One reason is the complexities involved in accessing information. An organization’s ability to use the data suffers when information is scattered across its various business units, departments, vendors and more.
But even if the data gets brought into one place, much of it remains unusable. This problem occurs because of different file formats, technology, even labeling conventions in the data set.
To summarize, organizations collect more data than ever before. However, they struggle to take full advantage of it because they don’t know where it is. Even if they do, many companies find it hard to convert that information into usable datasets.
The above brings us back to the problem, the data chaos that so many organizations suffer from. The solution lies in incorporating marketing intelligence to collect and manage information.
The term, marketing intelligence, relates to practices of collecting, organizing and managing data relevant to a business and using it to increase its ROI.
Examples of marketing intelligence data include target market characteristics, market growth rate figures, competitor analysis, consumer trends, and spending analysis, competitive market analysis, CRM data, customer surveys, sales data and almost any other type of marketing-related information a company collects or could gather.
All that information helps companies take a more strategic approach to their promotional efforts - from identifying the best performing channels to discovering new ways to engage the market.
In our report above, we’ve discovered that the majority (43%) of online stores use data and analytics to focus on a specific online activity. Some examples include campaign optimization or improving an area of their sites.
Unsurprisingly, however, only 14%, use the information to analyze their entire marketing ecosystem.
Their problem is that so many of them either don’t know what it is, where it is or whether it came from a trustworthy source. They experience the data chaos.
Data chaos is also one of the reasons why so many of them turn to marketing intelligence.
With its focus on collecting and managing data, marketing intelligence is the backbone of a data-driven organization.
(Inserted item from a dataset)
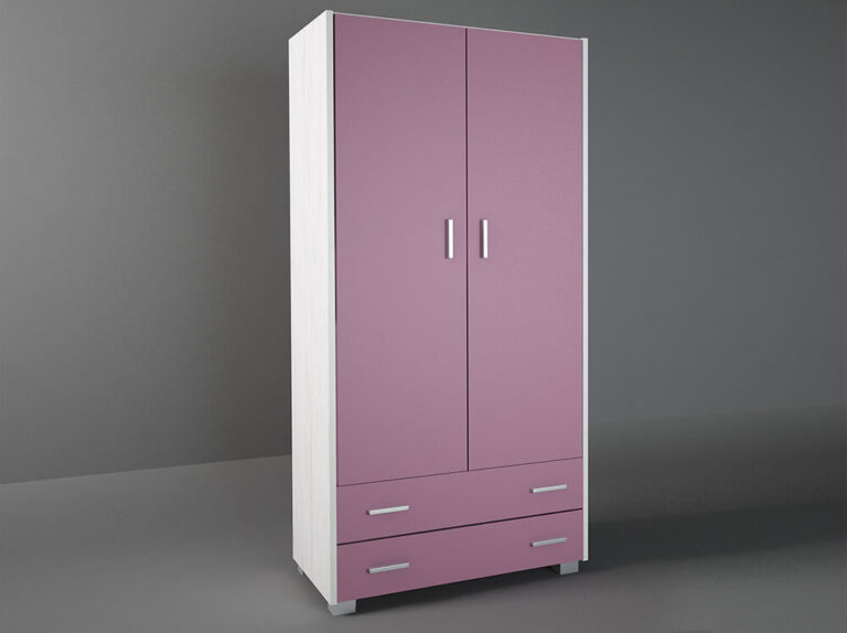 Ντουλάπα δίφυλλη σε χρώμα λευκό ρουστίκ-ροζ 85x50x180

The following are just some of the ways it helps overcome the data chaos.
Only with a harmonized, complete and trustworthy dataset can a company gain a single, uniform view of the market. It can build complete buyer personas based on current customer data or analyze a channel's performance by taking its every aspect into consideration.
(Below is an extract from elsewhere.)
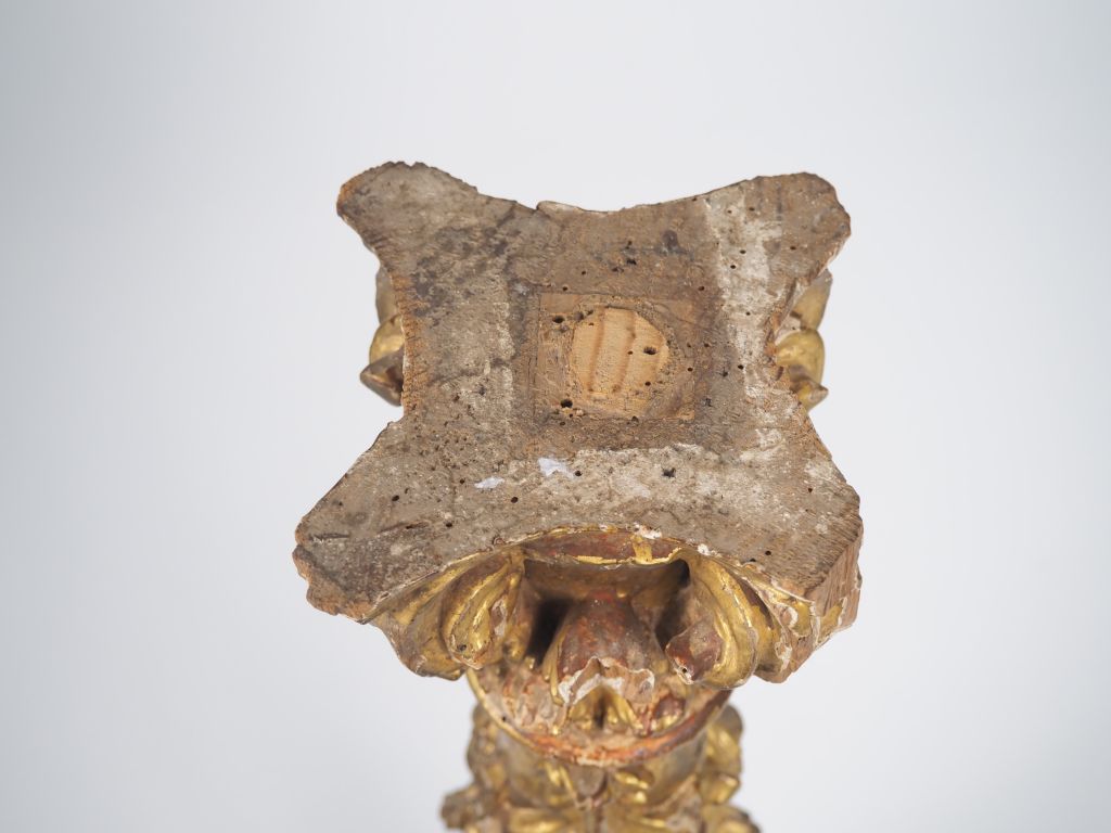 Colonne de style composite XVIIIème en bois sculpté et doré, à décor de feuillage et de fruits. Socle postérieur H. 88,5 cm (quelques sauts de dorure)

Collecting all data in one place results in the ability to break down any initiative into the smallest elements, analyze success factors at a granular level and identify what drives the highest performance.
Similarly, having all data in one place means the ability to improve decision making relating to high-level initiatives – entering a new market, developing the product further and so on.
A formidable weapon in the arsenal of marketing intelligence users is the effortless ability to identify scope to improve ongoing and future campaigns. With powerful real-time and actionable insights at hand, marketers can better understand what works and what doesn’t - all while skyrocketing their ROI.
Marketing intelligence is a process. However, following it requires two tools. First, a data platform to collect, transform and harmonize the information. The other, a dashboard software to display the data relevant to a particular business problem at hand.
As the amount of available information grows, organizations begin suffering from data chaos. They no longer control what information they collect. Many of them don’t know where that data is or whether they could trust it. As a result, only a few can use data to analyze their entire marketing ecosystem. The majority, however, can focus on its single aspects only.
There is a way to overcome data chaos though. But for that to happen, an organization must implement marketing intelligence to collect, store and manage its information in a single data warehouse.